Another interesting letter to editor from Dawn – the Pakistani newspaper. This one is on the Mughal history and how/why the Islamic world lost the educational and scientific edge.
Akbar refused the Printing Press brought by Portuguese in the 16th century!
I thank Prof Eice for correcting me about Aurangzeb’s stay in Deccan for 20 years as a prince. However, he has failed to mention that as an emperor he went to Deccan again in 1681 to take command of the army, never to return. During 26 years’ stay, he remained embroiled in fighting with Marathas and the remaining Muslim states of Bejapur and Golkanda till 1707 when he died and buried at Khuldabad.
His absence from the capital for almost half of his reign and endless wars were the chief causes that weakened the empire. After his death, another war of succession ensued. These wars drained the treasury, while the seat of power went to an imbecile, aged son of the deceased emperor who ruled an unmanageable and economically shattered country for about four years as Bahadur Shah I.
After his death in 1711 till 1858, anarchy prevailed. Of the next eight emperors whose combined reign spanned only for 52 years, four were murdered, one deposed and only three died peacefully on the throne.
Nadir Shah Afshar, a Turk from Iran, attacked India in 1738 and sacked Delhi. As a result, the already weak empire started disintegrating. The two important provinces of Oudh and Deccan seceded, and emboldened Maratha freebooters regained their lost positions.

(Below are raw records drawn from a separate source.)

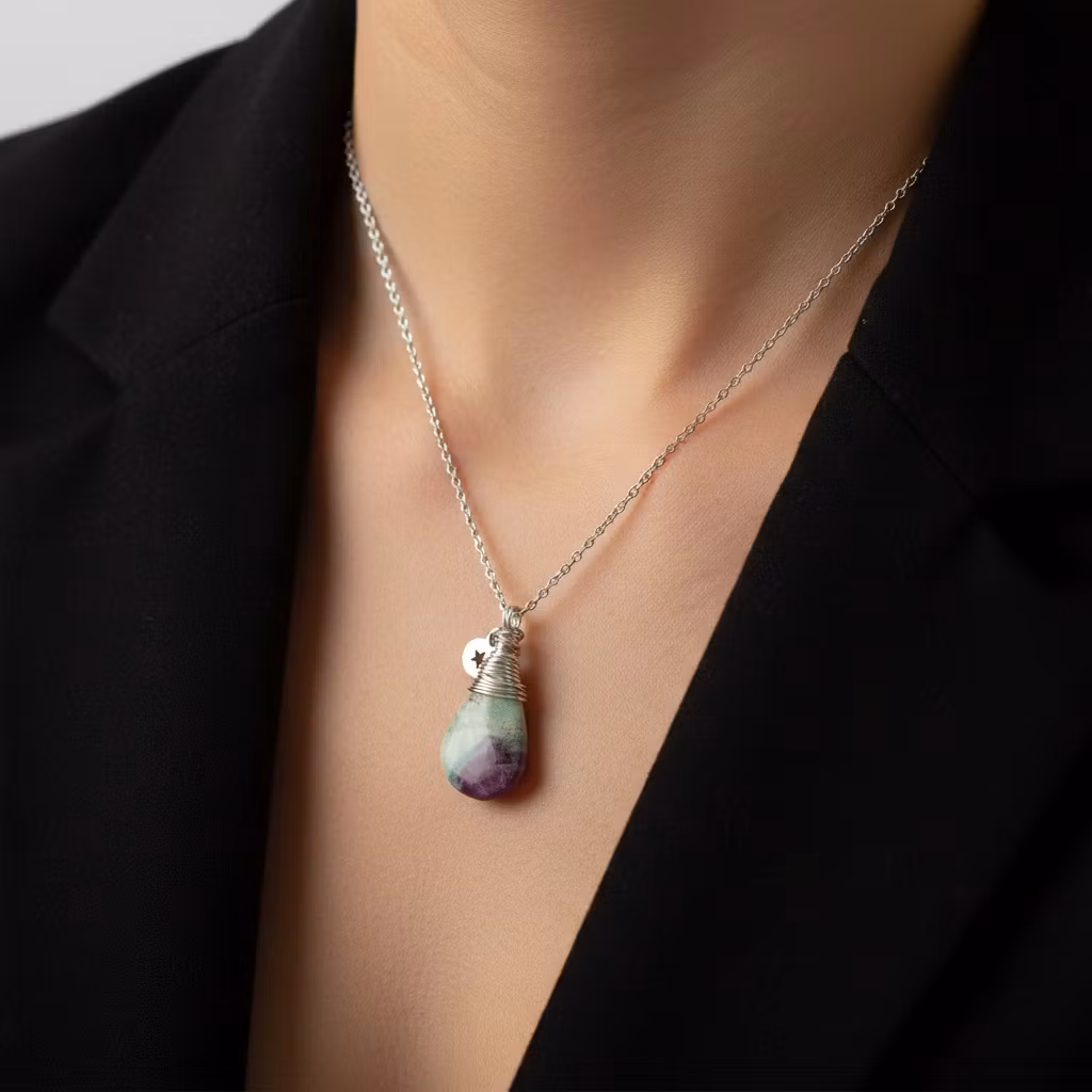 Halsband fuchsit med rubin i äkta silver med smal ankarkedja och liten fasettslipad fuchsit droppe lindad i silvertråd. Hänget är totalt 25mm långt och har en liten berlock i form av en utskuren stjärna. Halsbandet finns endast i ett exklusivt originalexemplar då stenen har ett unikt mönster. Stenen är lika fin på båda sidorna. Halsband med natursten.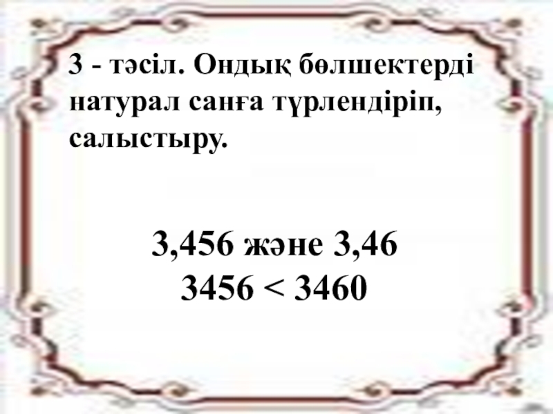3 - тәсіл. Ондық бөлшектерді натурал санға түрлендіріп, салыстыру.3 - тәсіл. Ондық бөлшектерді натурал санға түрлендіріп, салыстыру.3,456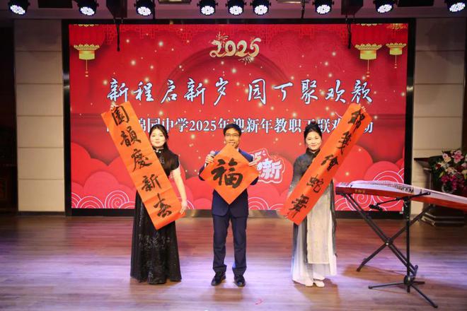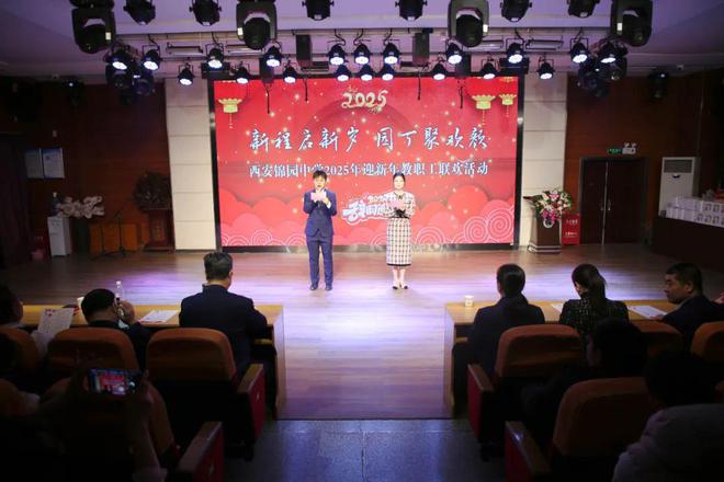 在辞旧迎新的美好时刻,西安锦园中学教职工联欢活动如约而至,如同一束璀璨的光芒,照亮了校园的每一个角落,为辛勤耕耘在教育一线的教职工们带来了一场别开生面、温馨欢乐的盛宴。此次活动以“新程启新岁,园丁聚欢颜”为主题,不仅是一场才艺的展示,更是一次心灵的交融,凝聚着全体教职工对学校的热爱与对未来的期许,联欢会由赵斯萌老师、张承栋老师主持,全体教师及工勤安保人员参加了联欢。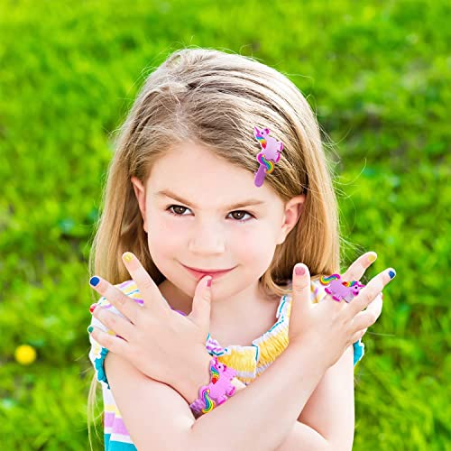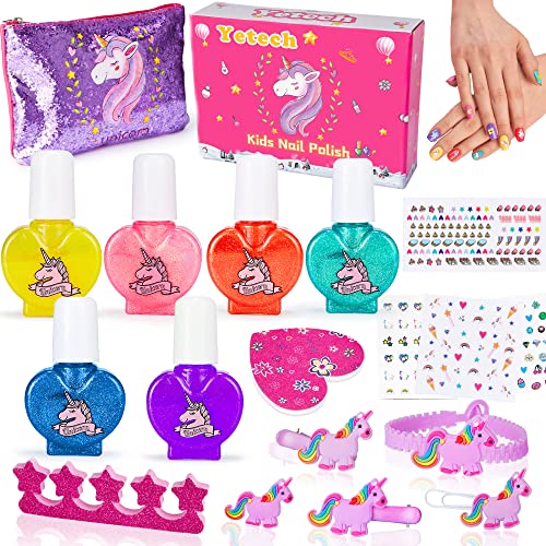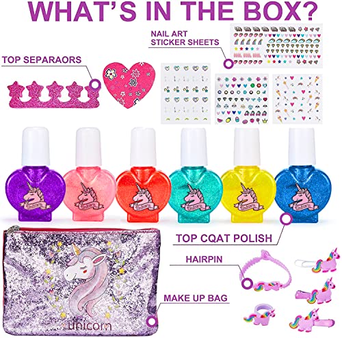 - 🦄【Perfect Nail Polish Set】This set contains 6 bottles of glitter nail polish: purple, pink, red, yellow, green, blue. It also contains a unicorn hair cord, 3 unicorn hairpins, 1 unicorn ring, a finger separator, a nail rubbing strip, 4 nail stickers, and a unicorn makeup bag. Various nail designs can be obtained through different combinations that help stimulate children's creativity and imagination.
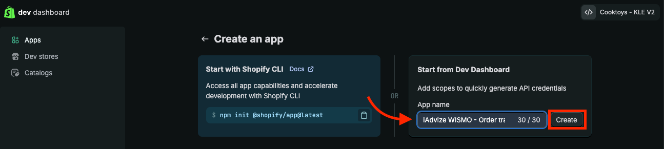 - Name your new app, for example "iAdvize WISMO - Order tracking", then click "Create"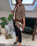 SPECIFICATIONS Top Type: Shirt Style: Casual Material: 100% Polyester Occasion: Daily Neckline: Lapel Pattern Type: Floral,Leopard Sleeve Type: Regular sleeve Sleeve Length: 3/4 Sleeve Fit Type: Loose Season: Spring,Fall Details: Buckle Package Includes: 1 x Shirt SIZE TABLE Size Bust Before After Sleeves Shoulder CM INCH CM INCH CM I...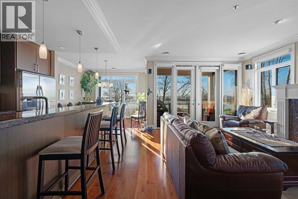 Waterfront living at its best! This rarely available luxury waterfront single level home offers unobstructed views of the Fraser River. This home features engineered hardwood floors, a gourmet kitchen with high-end appliances, a 6-burner stove, wine fridge and warming drawer. Enjoy sunsets and water views from the South-West facing patio, creating seamless indoor-outdoor living. Includes geothermal heating/cooling, built-in surround speakers, a custom walk-in closet, and a spa-inspired bathroom with a steam shower and heated floors. Enjoy your own private double car garage and storage locker. This is a rare opportunity to enjoy premium waterfront living in one of Richmond´s most sought after communities. (id:27476)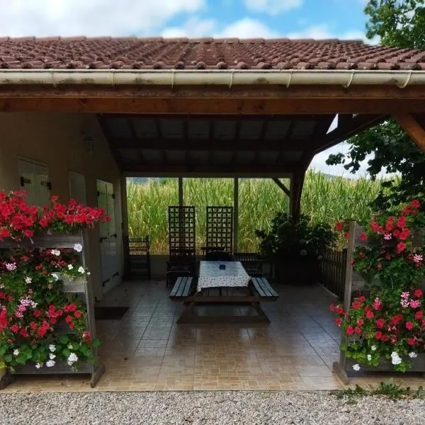 庭の景色を望むGITES SAINT ROMARYはSaint-Étienne-lès-Remiremontにある宿泊施設で、ジェラールメ湖から26km、エピナル駅から32kmです。この別荘からGérardmer Casinoまで27km、ヴォージュ広場まで31kmです。
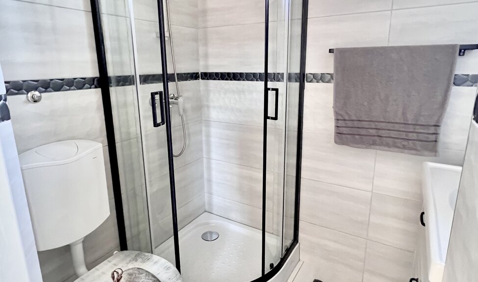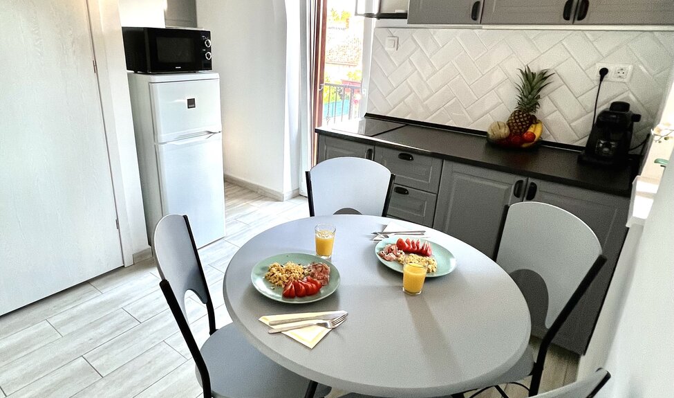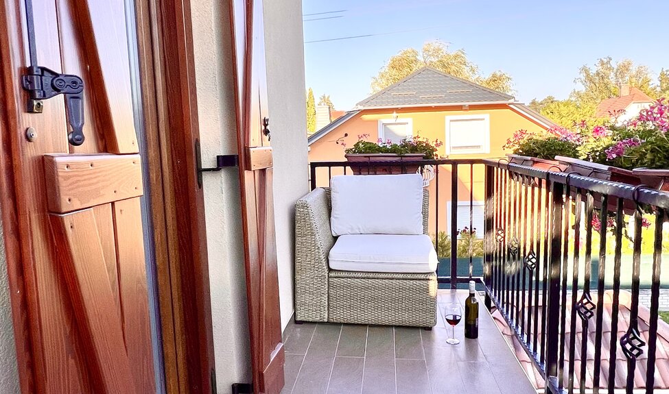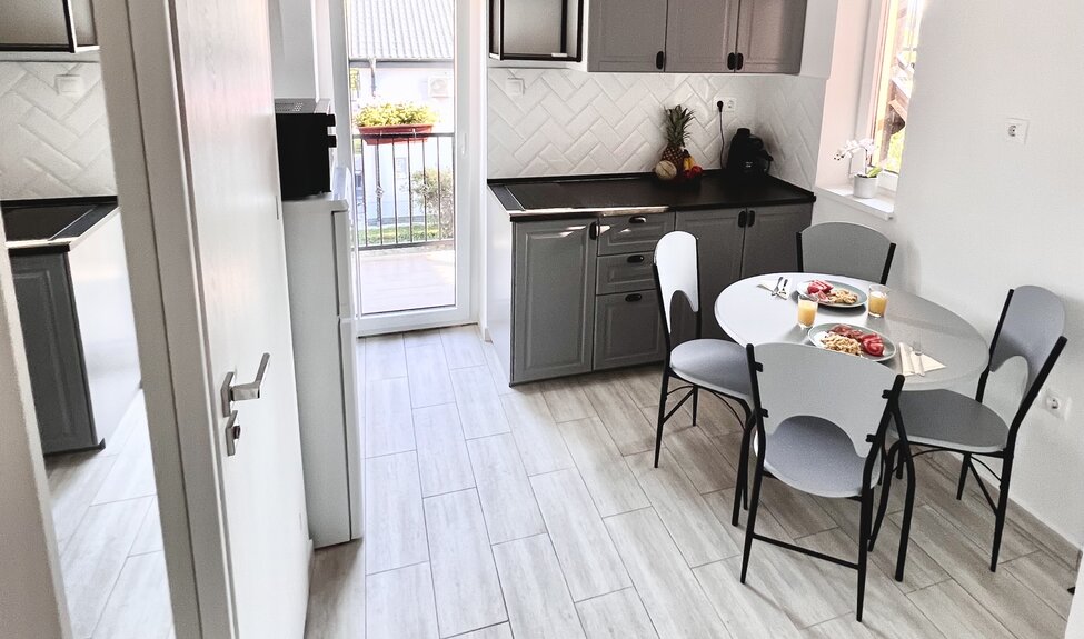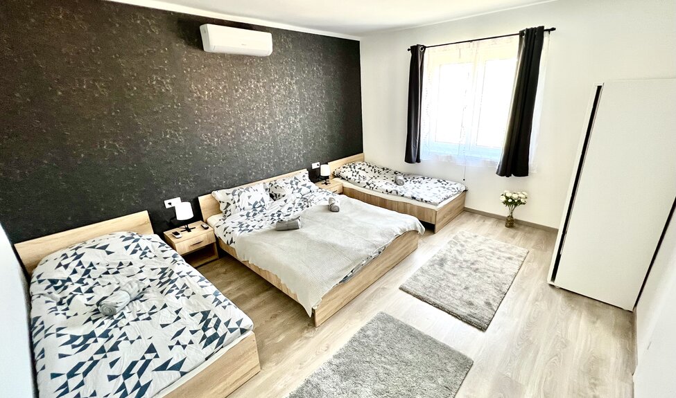 Emeleti egyszobás apartmanunkban 4 férőhely található (egy dupla és 2 szimpla ágyon elhelyezve). A konyhában rendelkezésre áll főzőlap, hűtő/fagyasztó, háztartási kisgépek a mellékelt felsorolás szerint. Erkélyes apartman, melynek erkélye az udvarra néz. Minden apartmanunk légkondícionált és tv-vel ellátott.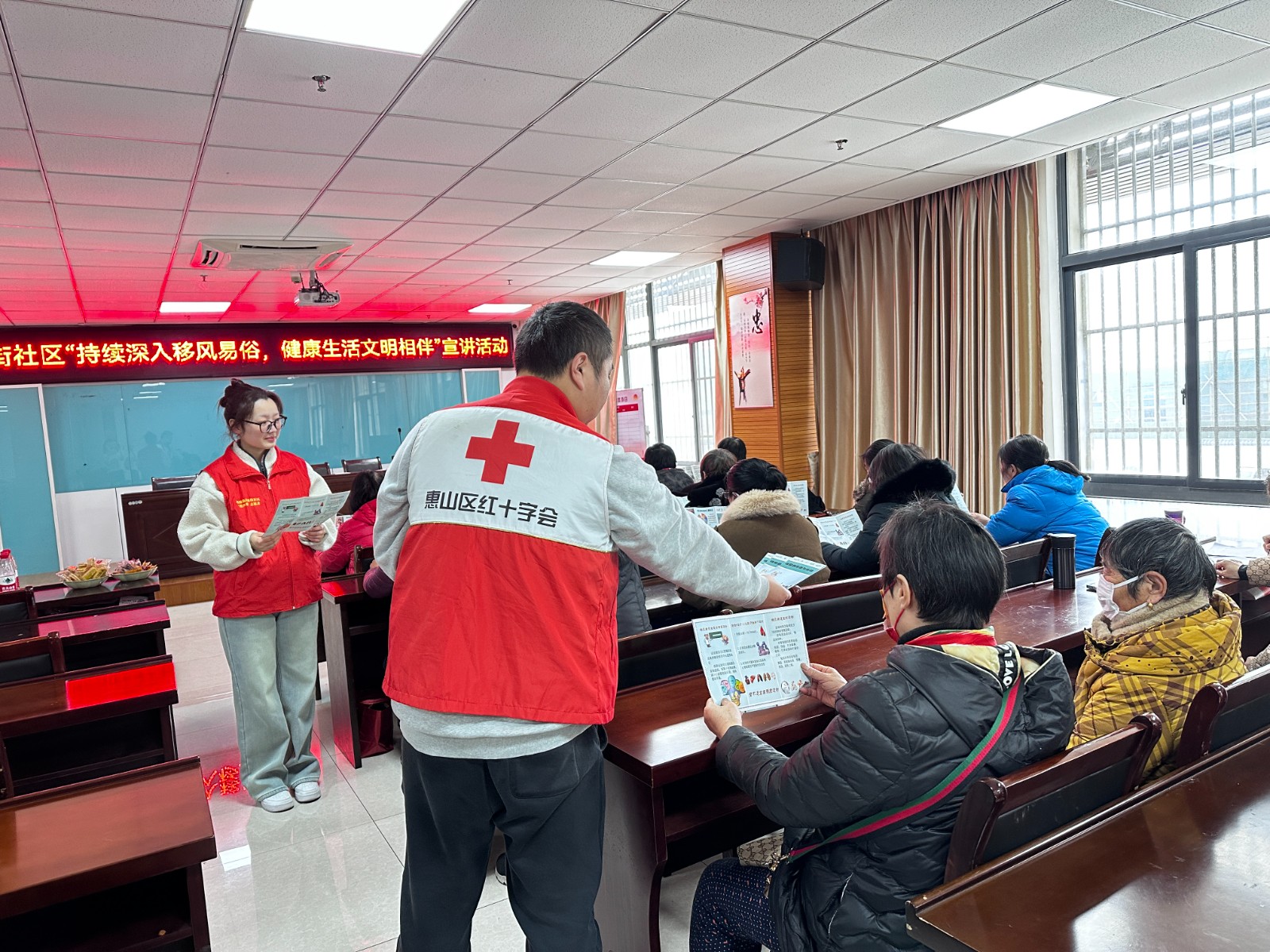 1月9日上午,惠山区堰桥街道新街社区红十字会发起了一场主题为“移风易俗,文明祭祀”的倡议活动,旨在倡导社区居民采用文明、环保的方式进行祭祀,树立文明祭祀新风尚,引导社区居民践行文明、绿色的祭祀方式,共同维护社区环境的整洁与美丽。

Vestiges of imperial power were destroyed by the first Afghan king, Ahmed Shah Durrani, who invaded India four times before fighting Marathas at Panipat in the fifth invasion: which seldom brought solace to the emasculated Mughal authority, least of all “sustaining for 100 more years”. After dislodging Marathas, when General Lake entered Delhi in 1803 to save Shah Alam, he found the hapless old and blind Emperor in their captivity.
Prof Eice has contested that the period of turmoil and thugs does not cover the Mughal era but has admitted at the same time that thuggery was suppressed by Lord William Bentinck (1833-35) when Akbar-II was sitting on the throne of Delhi (Punjab, Bengal, Bihar and a part of Orrisa excluding). He is right that Hyder Ali and Tipu resisted British power but he must also admit that they could not sustain against their superior arms and highly disciplined forces, besides depending on the losing French power.
He has failed to appreciate that I had mentioned Al-Beruni being out of context, as the topic under discussion was the role of Muslims in establishing educational institutions in India whereas this great scholar belonged to Central Asia and that too before Muslims established themselves in India.
It was after Baghdad’s fall that Muslims’ intellectual activity came to a grinding halt in the Islamic world, including Spain which fell in 1492. This atrophied mindset continued even during the periods of great Mughals and Ottomans. Emperor Akbar though great patron of art and literature refused the printing press brought by the Portuguese in the 16th century on the plea that its use will render the ‘kaztibs’ jobless.
Mr Mansoor Alam, in his article ‘This dream of Islamic renaissance’(Jan 15), has rightly said that Jehangir showed no interest, when the British came to the court, in finding out how they had travelled across the seven seas. The Ottomans who ruled over one-third of Europe paid no attention to the discovery of Americas. Neither of the two empires built any university or encouraged the learning of science and other modern disciplines.